The McArthur family, who run Ashers Baking Company in Belfast, are trying to overturn a court judgement that they acted unlawfully on sexual orientation grounds.
Their appeal began on Monday.
The couple said this case has implications for freedom of expression across the UK.
Family barrister David Scoffield QC said: "They could not in conscience provide a product with a message that was inconsistent with their deeply-held religious beliefs in circumstances where the evidence was clear that they believed that to do so would be sinful."
Last year Ashers' owners were ordered to pay £500 in damages after a County Court judge ruled they directly discriminated against Gareth Lee when they refused to make him a cake featuring Sesame Street puppets Bert and Ernie with the phrase "Support Gay Marriage."

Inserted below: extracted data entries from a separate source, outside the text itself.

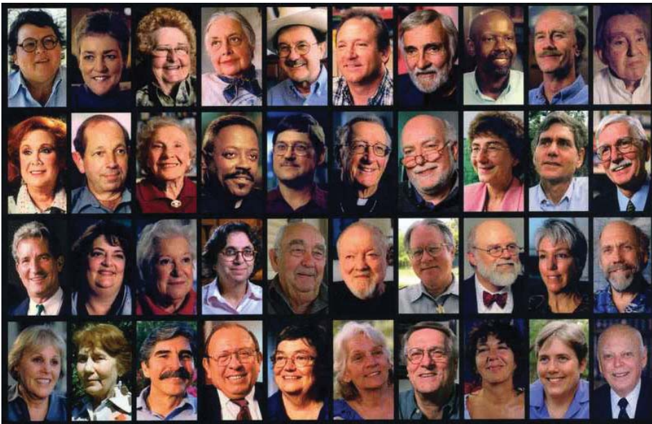
Detail from cover of the Texas Legacy Project: Stories of Courage and Conservation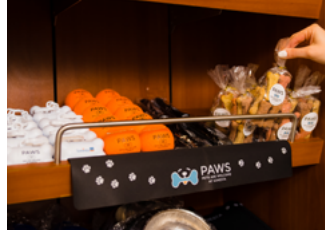
PET WELCOMING PROGRAM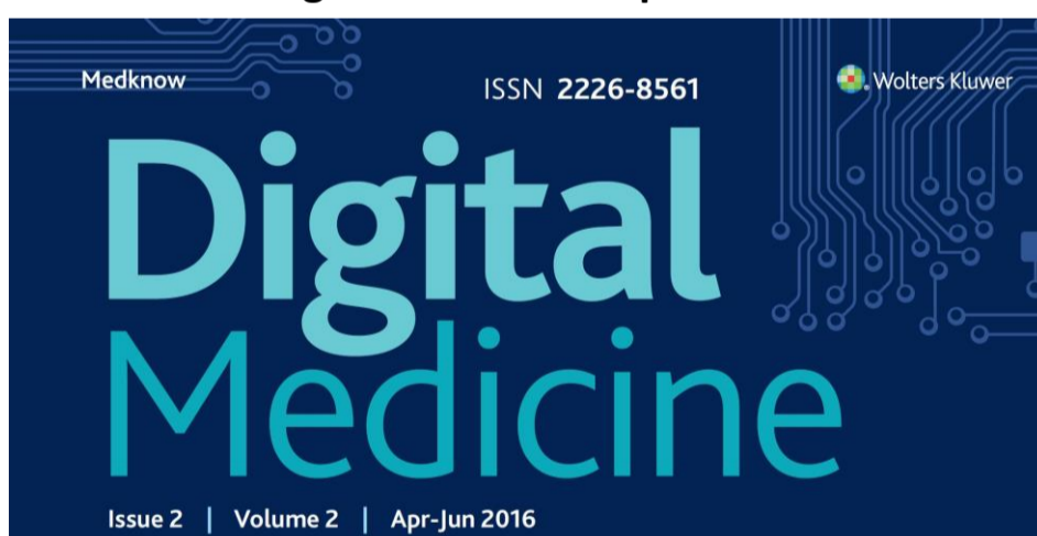
The Journal of Digital Medicine Edited by ISDM

The new relationship and close collaboration with the ISDM has created opportunities for publishing papers, editorial or commentary in the Digital Medicine Journal.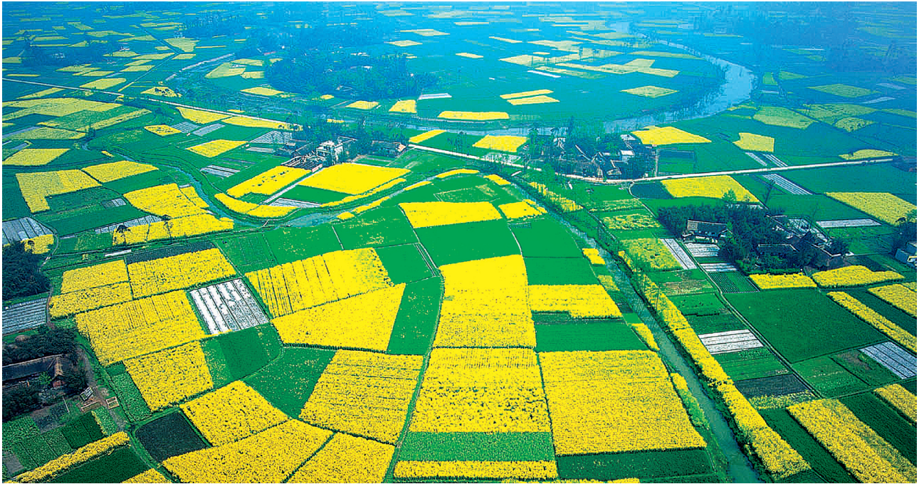
Dujiang Weir Irrigation District

management” of irrigation water consumption; and set up a sound incentive and constraint mechanism to facilitate water saving.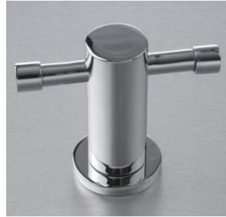
LA GIO BELLA DEMOLA 3300 SERIES DEMOLA DOUBLE ROBE HOOKS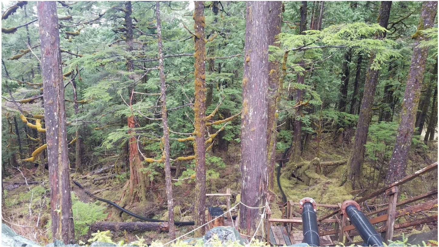
Land Application/Dispersment (LAD) system

Mr Lee paid £36.50 at Ashers' Belfast city centre branch, but received a phone call two days later and was told the company could not fulfil his order.
Mr Scoffield represented the McArthurs at Belfast's Court of Appeal and said the person who took the order had no idea what Mr Lee's sexual orientation was.

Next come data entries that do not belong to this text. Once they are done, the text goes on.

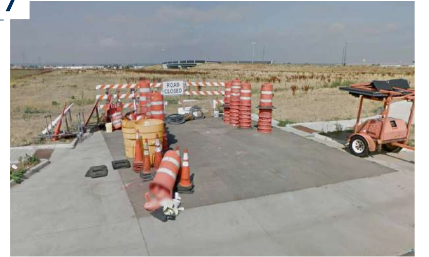
10399 HAVANA STREET Henderson, CO 80640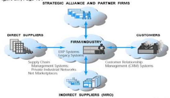
Figure 2.7, Page 104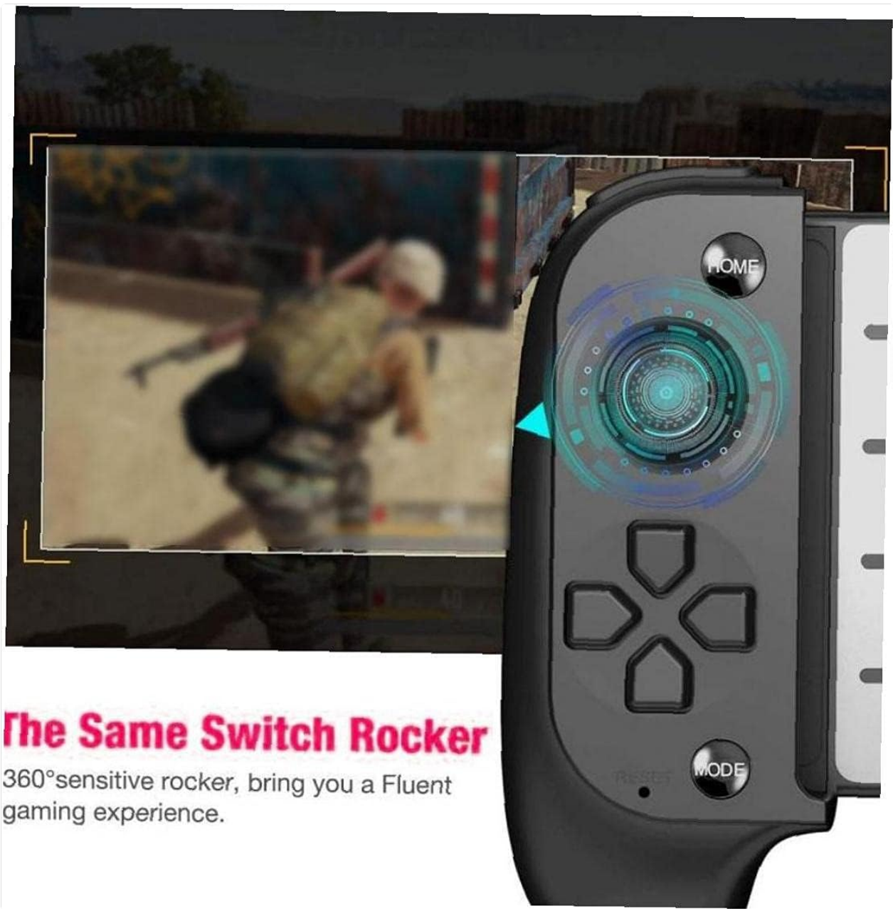
Image: A close-up view of the left side of the controller, highlighting the HOME button and the responsive joystick, which is crucial for precise in-game movements.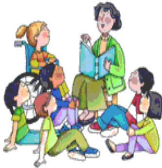
A Good teacher Explains...A Superior teacher Demonstrates...A GREAT teacher Inspires!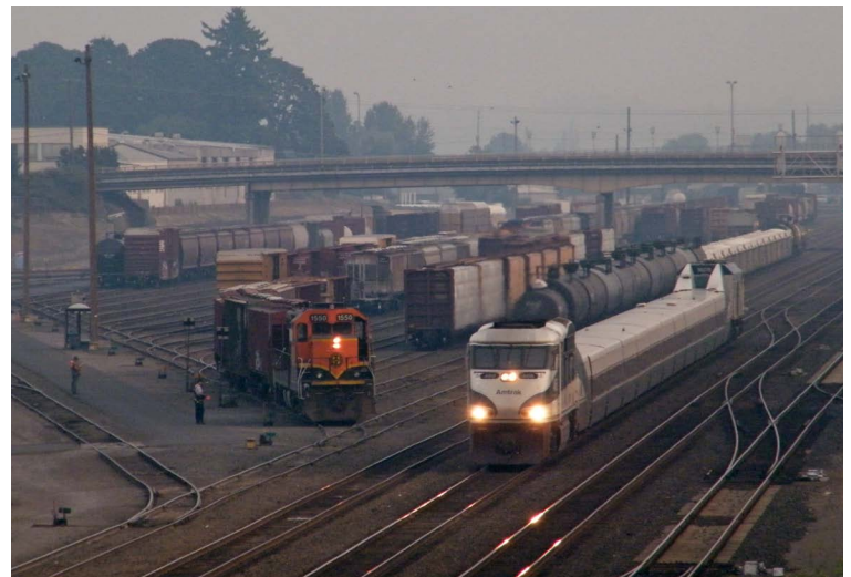
Above - A Seattle bound Amtrak Cascades makes its way past BNSF's Vancouver yard as chopped nose SD9 #1550 works a cut of cars in the yard.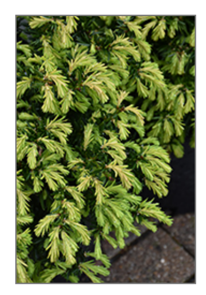
Everlow Yew foliage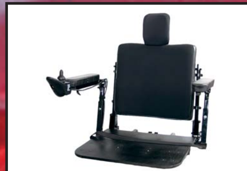
1 of 4 Solid Seat Styles (SS)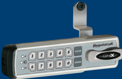
RegulatorR with manual locking

He said the alleged discrimination was not against Mr Lee, but was against the message, but the law only covered harm caused to an individual.

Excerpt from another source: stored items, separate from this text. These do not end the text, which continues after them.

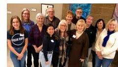
Minnetonka Climate Initiative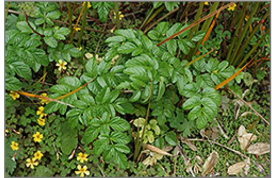
Angelica foliage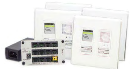
IC5400-XX Selective Call Intercom 4-Location Kit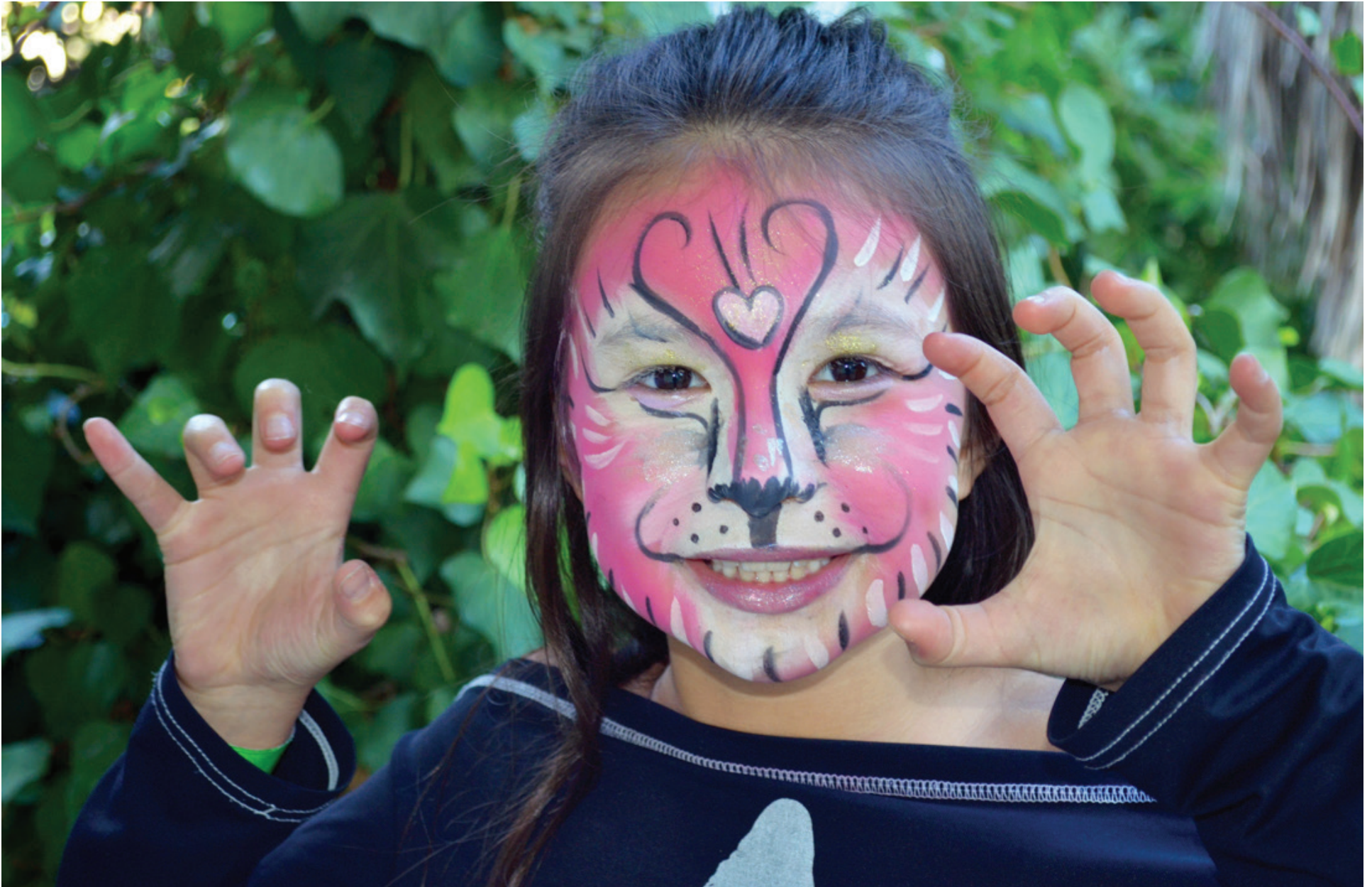
Modelling Action Cards Fatama Fata Celebration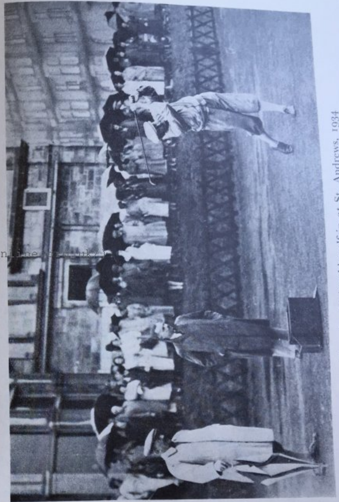
The Captain driving himself in at St. Andrews, 1934

At any rate there is now no doubt at all about the last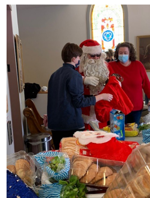
Santa even stopped by to put helpers on his Nice List!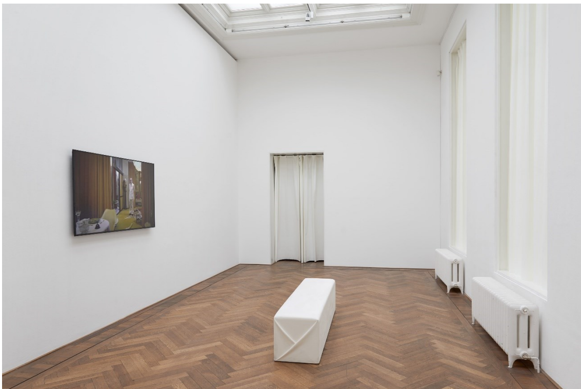
Yuri Ancarani, Installationsansicht, Sculture , Blick auf Séance , 2014, Kunsthalle Basel, 2018.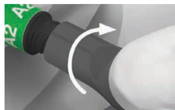
Put the cap back on.

Mr Scoffield said: "Discrimination must be against the person, not against an idea or an object.
"A cake cannot have a political opinion or a religious belief, it is a person who can do so."
He added: "It makes it extremely difficult for any business such as a printer or someone who, as we have seen in this case, creates T-shirts or creates cakes, to run any kind of bespoke service if faced with the position that someone could come through your door and order something which is clearly objectionable."
The hearing continues and will hear submissions from a lawyer for Mr Lee.